Now, by plugging observations of the red planet into new models, a team of geologists and atmospheric scientists has come up with a new picture of Mars’s past: Much of the planet’s ancient water could have been trapped within minerals in the crust, where it remains to this day.

最近,一个由地质学家和大气科学家组成的团队通过将对红色星球的观测数据插入到新的模型中的方法,计算得出了火星过去的新图像: 地球上许多古老的水可能被封存在地壳的矿物质中,而且这些水直到今天仍存在那里。

Prior research suggested that most of Mars’s water escaped into space as its atmosphere was stripped away by the sun’s radiation. But this new study, published today in the journal Science and virtually presented at this year’s Lunar and Planetary Science Conference, concludes that Mars’s water experienced both an atmospheric exodus and a geologic entrapment.

先前的研究表明,由于火星的大气层被太阳辐射剥离,火星上的大部分水都逃到了太空中。但最近发表在《科学》(Science)杂志上的这项新研究得出结论称,火星上的水实际上经历了大气流失和地质圈藏两种方式。这项研究还在今年的月球和行星科学会议上进行了虚拟展示。

Depending on how much water you start with, the new model estimates that anywhere between 30 and 99 percent of it was incorporated into minerals in the planet’s crust, while the remaining fraction escaped into space. It’s a big range, and both processes likely played a role, so “somewhere in there, the reality lies,” says Briony Horgan, a planetary scientist at Purdue University who wasn’t involved with the new study.

根据最初的水含量多少,新的模型估计,30%到99%的水都融入了地壳的矿物质中,而其余部分则逃逸到了太空中。这是一个很大的范围,而且这两个过程可能都起了作用,所以“现实就存在于其中的某个地方,”普渡大学的行星科学家布里奥妮·霍根说,不过她没有参与这项新研究。

If the new model is accurate, then the story of the planet’s adolescence needs a rewrite. All of the water thought to be trapped in the Martian crust today means that the planet had far more surface water in its youth than previous models had estimated—and that early epoch may have been even more amiable to microbial life than previously thought.

如果新的模型是准确的,那么地球处于青春期的理论就需要推翻重写。现如今所有被认为是被困在火星地壳中的水意味着这个星球在其年轻时期的地表水比以前的模型所估计的要多得多,而且也意味着早期时代的火星可能比以前认为的更适合微生物生命。
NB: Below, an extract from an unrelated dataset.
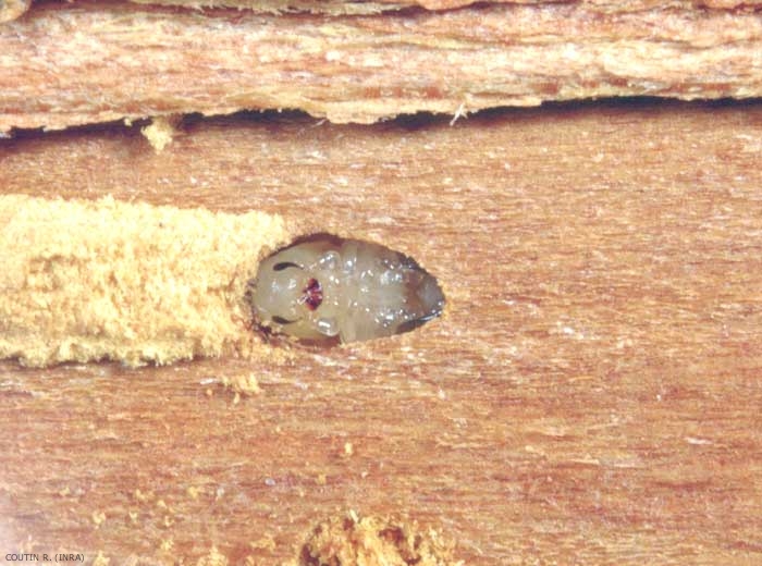 Dès son éclosion, chaque larve fore une galerie, à la limite du bois et de l'écorce dont elle se nourrit. Les galeries larvaires partent en rayonnant du couloir maternel, elles sont sinueuses et s'entrecroisent souvent à leur extrémité. Leur calibre s'accroît au fur et à mesure que la larve grossit. Les larves se développent pendant le printemps et l'été et, selon les régions, peuvent se nymphoser et être à l'origine d'une nouvelle génération (figure 1). A l'approche de l'hiver, les larves entrent en diapause dans la logette nymphale. La larve se nymphose dans cette logette située à l'extrémité de la galerie. Celles qui n'ont pu se confectionner cette logette meurent avant la nymphose qui a lieu en mars (figure 2).

“This paper allows for the possibility of a once-blue Mars, even for a short period of time,” says Paul Byrne, a planetary scientist at North Carolina State University who wasn’t involved with the new study.
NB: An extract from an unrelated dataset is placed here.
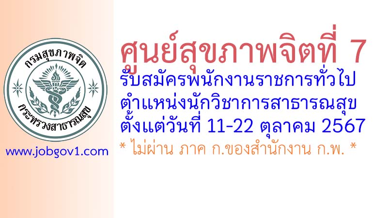 ศูนย์สุขภาพจิตที่ 7 รับสมัครพนักงานราชการทั่วไป ตำแหน่งนักวิชาการสาธารณสุข ตั้งแต่วันที่ 11-22 ตุลาคม 2567

北卡罗莱纳州立大学的行星科学家保罗·伯恩没有参与这项新研究,不过他说:“这篇论文考虑到了曾经的蓝色火星存在的可能性,即使只是很短的一段时间。”

From drenched to desiccated

从湿透变成干燥

A multitude of dried up riverbeds, deltas, lake basins, and inland seas make it clear that Mars once had a lot of water on its surface. It may have even had one or several different oceans in its northern hemisphere, although that’s a matter of intense debate. Today, aside from a possible series of briny underground lakes and aquifers, most of Mars’s water is locked up in the polar caps or in ice buried below the surface.

大量干涸的河床、三角洲、湖泊盆地和内陆海清楚地表明火星表面曾经有大量的水。它的北半球甚至可能有一个或几个不同的海洋,不过这是一个引发激烈的争论的问题。今天,除了可能存在的一系列含盐的地下湖泊和蓄水层外,火星上的大部分水都被封存在极地冰帽或埋藏在地表以下的冰中。

Hydrogen is still escaping from Mars today, and scientists can measure the rate to work out how much water is being permanently lost. If this rate held steady over the past 4.5 billion years, it would be nowhere near enough to explain the disappearance of so much surface water, says lead author of the new study Eva Linghan Scheller, a doctoral student at Caltech.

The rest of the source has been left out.